Native human amylin (islet amyloid polypeptide) aggregates into amyloid fibrils and has a very short circulating half-life, which makes it unsuitable as a long-acting agent. Andreassen and colleagues (J Med Chem, 2021) reported a design campaign that combined sequence substitutions to suppress fibrillation with a fatty-acid acylation that promotes albumin binding, yielding a molecule with a much longer reported plasma half-life in their preclinical models.
What clinical trials have been published for cagrilintide?
Published clinical evidence includes a Phase 1b multiple-ascending-dose trial reported by Enebo and colleagues (Lancet, 2021) and a Phase 2 trial in type 2 diabetes reported by Frias and colleagues (Lancet, 2023), both studying cagrilintide together with semaglutide.

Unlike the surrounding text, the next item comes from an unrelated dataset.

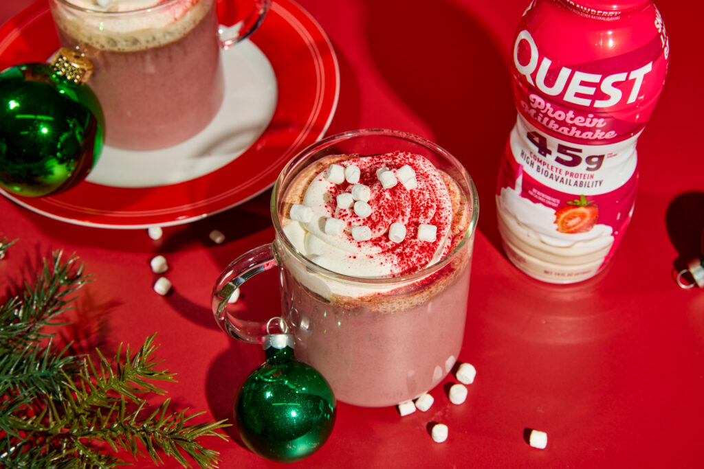 SUCCUMB TO QUESTIFIED RED VELVET HOT CHOCOLATE. Those cozy holiday drinks from your local megachain may taste like joy—but nutritionally they’re running on vibes alone. This Red Velvet Hot Chocolate hits different. With its dramatic, ruby-red color, it looks as delicious as any other festive treat—but beneath the cocoa is a Quest Strawberry Protein Milkshake with a protein-forward boost so powerful those seasonal sugar bombs don’t even come close.

The Phase 3 REDEFINE program in adults with overweight or obesity was subsequently reported in the New England Journal of Medicine in 2025.
What is CagriSema in the published literature?
CagriSema is the investigational fixed-combination of cagrilintide with the GLP-1 receptor agonist semaglutide studied across the Phase 2 and Phase 3 REDEFINE trials. The published rationale is that an amylin-receptor agonist and a GLP-1 receptor agonist engage distinct but complementary signaling systems. The GLP-1 side of that combination is summarized in the semaglutide research article.
What have structural studies reported about how cagrilintide engages its receptors?
Cryo-electron microscopy work published in 2025 resolved cagrilintide and related peptides bound to active-state calcitonin and amylin receptor complexes and compared their binding modes. The authors reported that cagrilintide adopts an amylin-like pose while inducing receptor-specific conformational dynamics, offering a structural framework for interpreting its pharmacology.